# Human pose and scoring

## Enregistrement vidéo de référence

In [1]:
import cv2
import mediapipe as mp
import csv
import time
import pandas as pd




In [3]:
video_path = './one_more_time.mp4'

In [17]:
# Initialize MediaPipe Pose and Drawing utilities
mp_pose = mp.solutions.pose
mp_drawing = mp.solutions.drawing_utils
pose = mp_pose.Pose()

# Open the video file
cap = cv2.VideoCapture(video_path)

In [22]:
def write_landmarks_to_csv(landmarks, frame_number, csv_data, temps):
    #print(f"Landmark coordinates for frame {frame_number}:")
    for idx, landmark in enumerate(landmarks):
        #print(f"{mp_pose.PoseLandmark(idx).name}: (x: {landmark.x}, y: {landmark.y}, z: {landmark.z})")
        csv_data.append([frame_number,temps, mp_pose.PoseLandmark(idx).name, landmark.x, landmark.y, landmark.z])
    print("\n")

In [None]:
frame_number = 0
csv_data = []
temps_zero = round(time.time(),1)

while cap.isOpened():
    ret, frame = cap.read()
    if not ret:
        break

    # Convert the frame to RGB
    frame_rgb = cv2.cvtColor(frame, cv2.COLOR_BGR2RGB)

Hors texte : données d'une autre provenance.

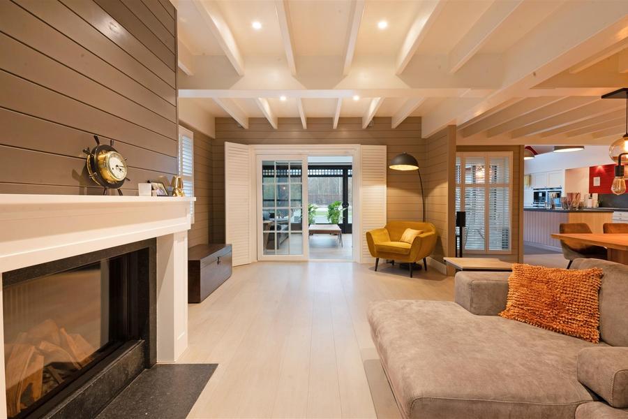 Avec la cuisine ouverte et entièrement équipée, l'espace de vie spacieux et lumineux constitue le cœur de la maison. A côté se trouve l'élégante véranda, un espace de vie à part entière, agréable toute l'année grâce à la climatisation et offrant une belle vue sur le jardin.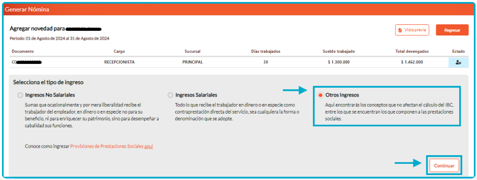 Selecciona «Otros Ingresos» y luego «Continuar».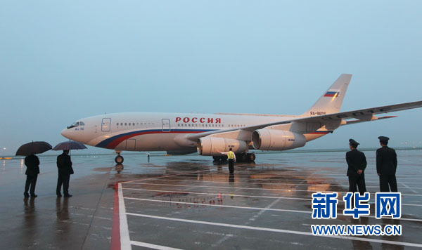??? 5月20日,俄羅斯聯(lián)邦總統(tǒng)普京抵達(dá)上海,開始對(duì)中國(guó)進(jìn)行為期兩天的國(guó)事訪問并出席在上海舉行的亞洲相互協(xié)作與信任措施會(huì)議第四次峰會(huì)。這是普京乘坐的專機(jī)抵達(dá)上海虹橋國(guó)際機(jī)場(chǎng)。 新華社記者 裴鑫 攝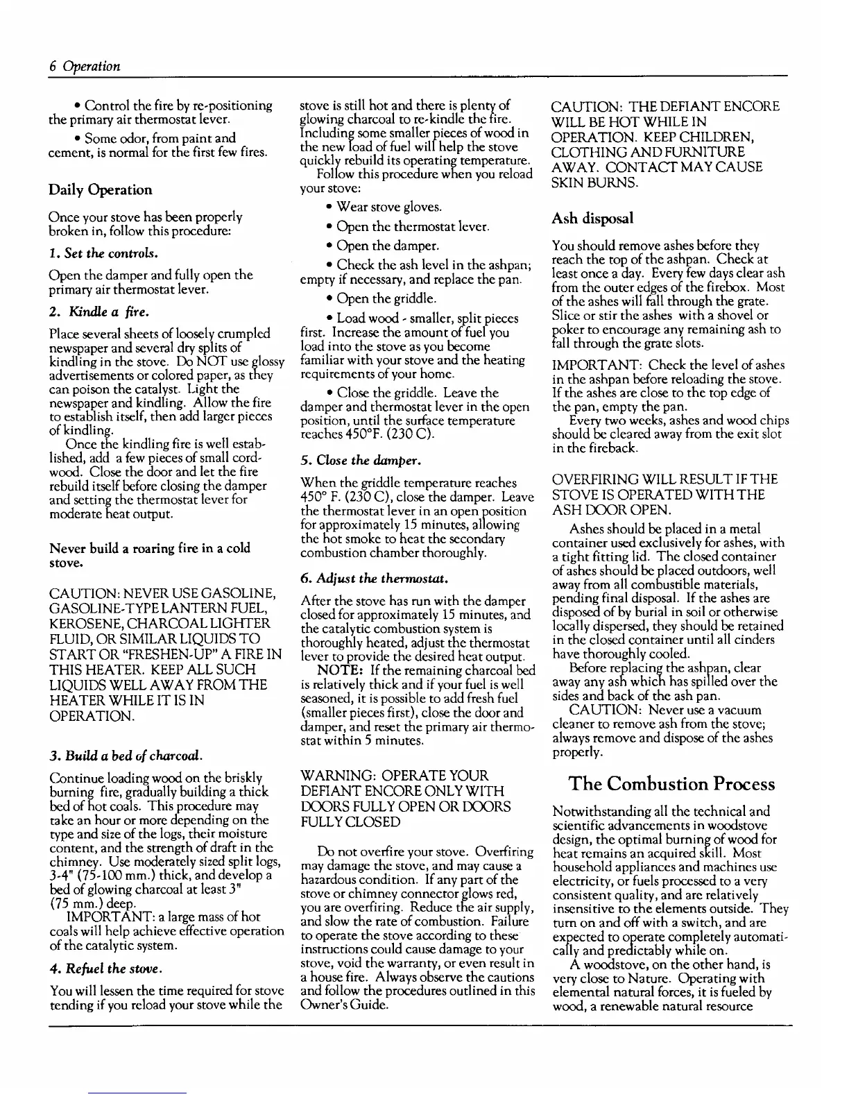 Defiant Encore 2140 - The Combustion Process; Daily Operation; Ash Disposal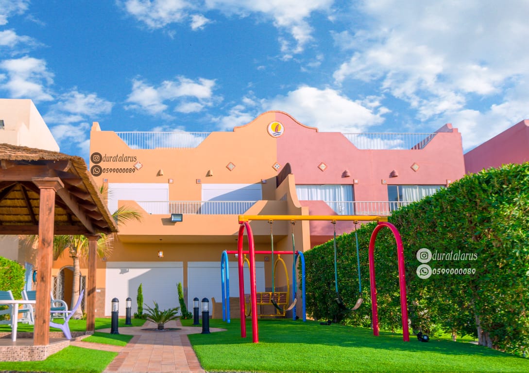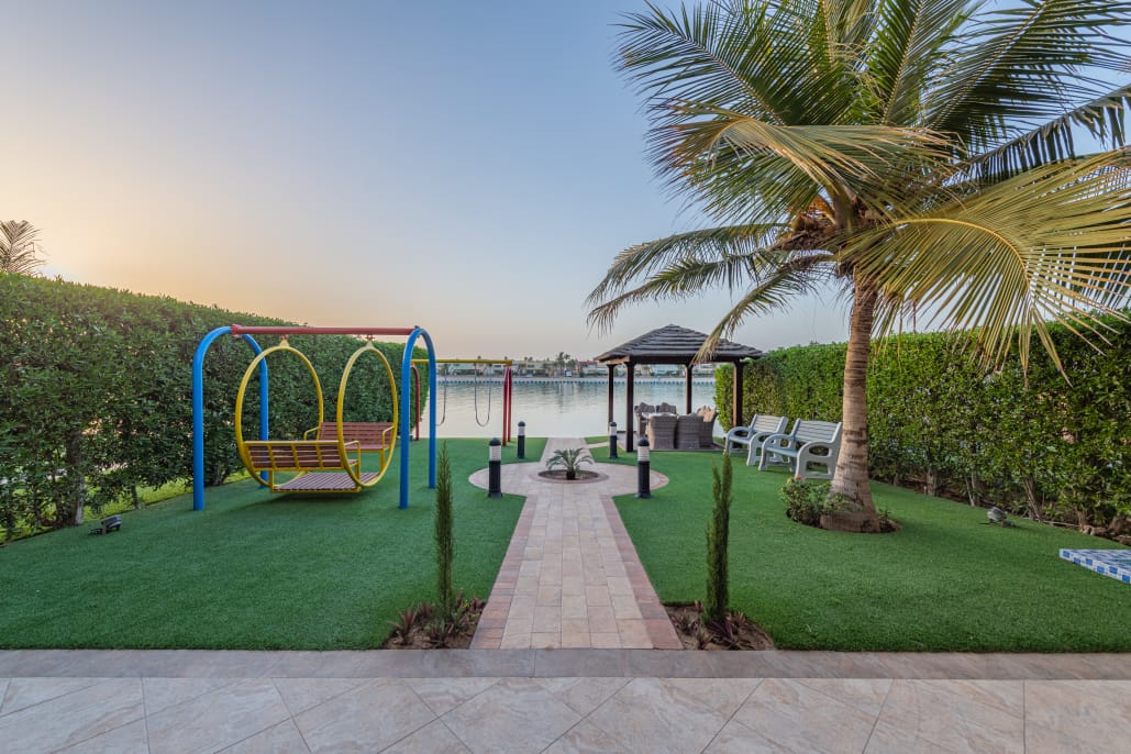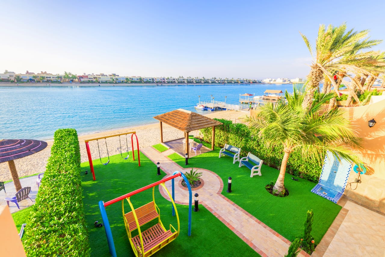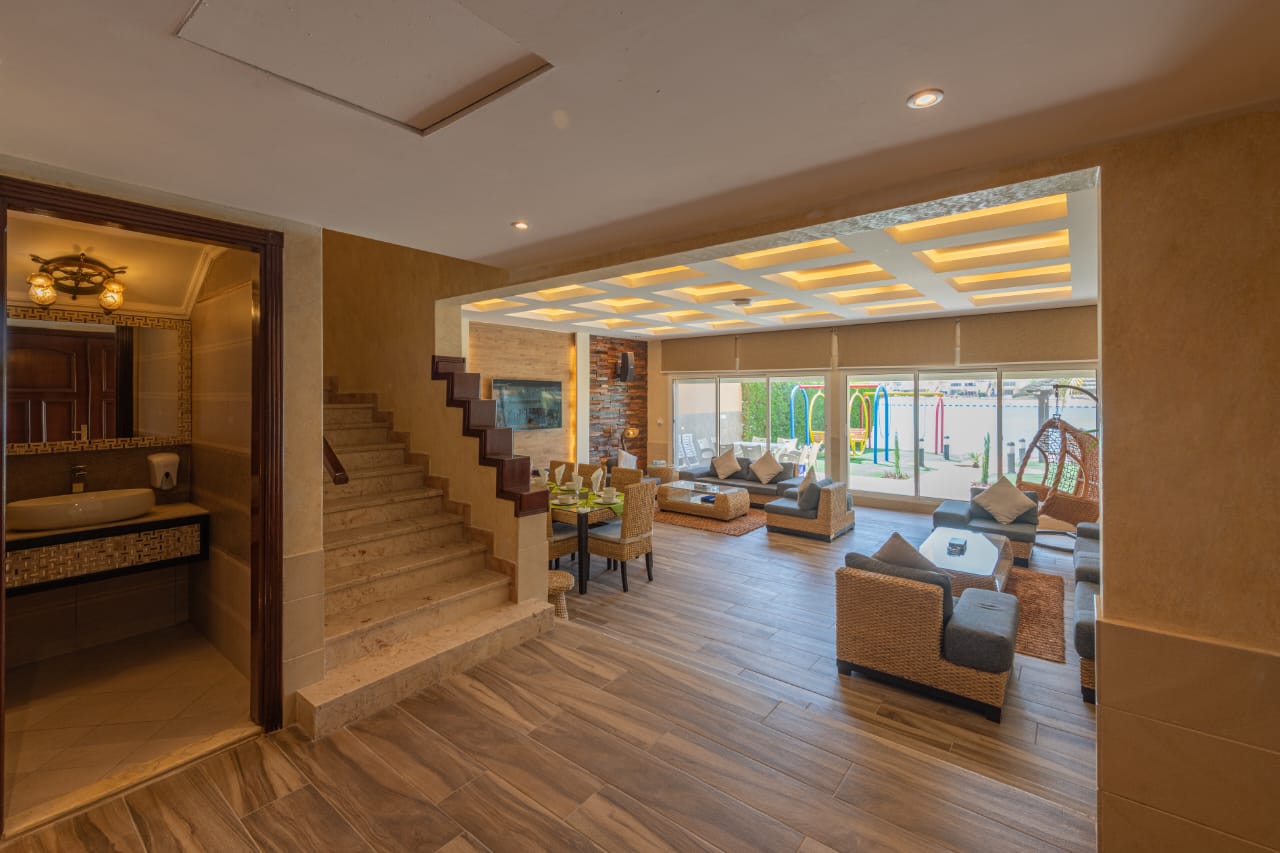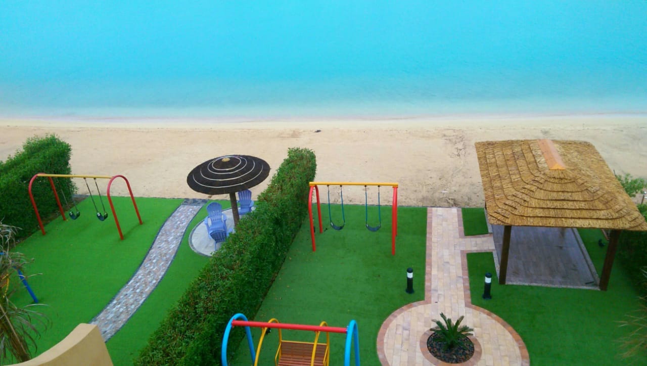 بالإضافة إلى ذلك، تحتوي الفيلا على خمس دورات مياه ومسبح خاص، مما يضمن تجربة فاخرة ومميزة. الشاطئ الرملي القريب يوفر فرصة رائعة للاستمتاع بالشمس والبحر، بينما يمكن للأطفال الاستمتاع بالألعاب المخصصة لهم في الحديقة.

    # Process the frame with MediaPipe Pose
    result = pose.process(frame_rgb)

    # Draw the pose landmarks on the frame
    if result.pose_landmarks:
        mp_drawing.draw_landmarks(frame, result.pose_landmarks, mp_pose.POSE_CONNECTIONS)

        # Add the landmark coordinates to the list and print them
        write_landmarks_to_csv(result.pose_landmarks.landmark, frame_number, csv_data, round(time.time(),1)-temps_zero)
        frame_number+=1

    # Display the frame
    cv2.imshow('MediaPipe Pose', frame)

    # Exit if 'q' keypyt
cap.release()
cv2.destroyAllWindows()

In [24]:
df = pd.DataFrame(csv_data, columns=['Frame number','time', 'landmarks', 'x', 'y','z'])

In [26]:
df["x"]=((df["x"]-df["x"].min())/(df["x"].max()-df["x"].min()))
df["y"]=((df["y"]-df["y"].min())/(df["y"].max()-df["y"].min()))
df["z"]=((df["z"]-df["z"].min())/(df["z"].max()-df["z"].min()))

In [27]:
df.to_pickle("./omt_df.pkl")

## Comparaison et score

In [8]:
import numpy as np
from sklearn import preprocessing
from numpy.linalg import norm
import pandas as pd
import time
import cv2
import mediapipe as mp
import csv
from dtaidistance import dtw 
from fastdtw import fastdtw
import keyboard

A voir : https://www.theaidream.com/post/dynamic-time-warping-dtw-algorithm-in-time-series

In [2]:
dfRef = pd.read_pickle("./omt_df.pkl")

In [4]:
#Test
dfRef[(dfRef['time'] >= 0) & (dfRef['time'] <= 2)]['x']

0       0.536434
1       0.549232
2       0.556337
3       0.563253
4       0.524938
          ...   
1546    0.482015
1547    0.534423
1548    0.486860
1549    0.527111
1550    0.466769
Name: x, Length: 1551, dtype: float64

In [12]:
#Test
dfTest = pd.read_pickle("./image.pkl")

In [13]:
#Test
dfRef['x'].corr(dfTest['x'])

0.95276901244535

In [23]:
#Test
s1 = np.array([0.0, 0, 1, 2, 1, 0, 1, 0, 0])
s2 = np.array([0.0, 1, 2, 0, 0, 0, 0, 0, 0])
d1 = dtw.distance_fast(np.array(dfRef['x']), np.array(dfTest['x']))
d2 = dtw.distance_fast(np.array(dfRef['y']), np.array(dfTest['y']))
d1, d2 # retorune 0 si les deux séries sont égales

(13.27662788922727, 24.095914384206562)

In [3]:
def write_landmarks(landmarks, csv_data):
    #print(f"Landmark coordinates for frame {frame_number}:")
    for idx, landmark in enumerate(landmarks):
        #print(f"{mp_pose.PoseLandmark(idx).name}: (x: {landmark.x}, y: {landmark.y}, z: {landmark.z})")
        csv_data.append([mp_pose.PoseLandmark(idx).name, landmark.x, landmark.y, landmark.z])
    #print("\n")

In [4]:
def get_video_duration(video_path):
    cap = cv2.VideoCapture(video_path)
    if not cap.isOpened():
        print("Erreur: Impossible d'ouvrir la vidéo.")
        return
    duration = int(cap.get(cv2.CAP_PROP_FRAME_COUNT) / cap.get(cv2.CAP_PROP_FPS))
    cap.release()

    return duration

In [5]:
video_path = './one_more_time.mp4'
duration_vid = int(get_video_duration(video_path))
print(f"Durée de la vidéo: {duration_vid} secondes")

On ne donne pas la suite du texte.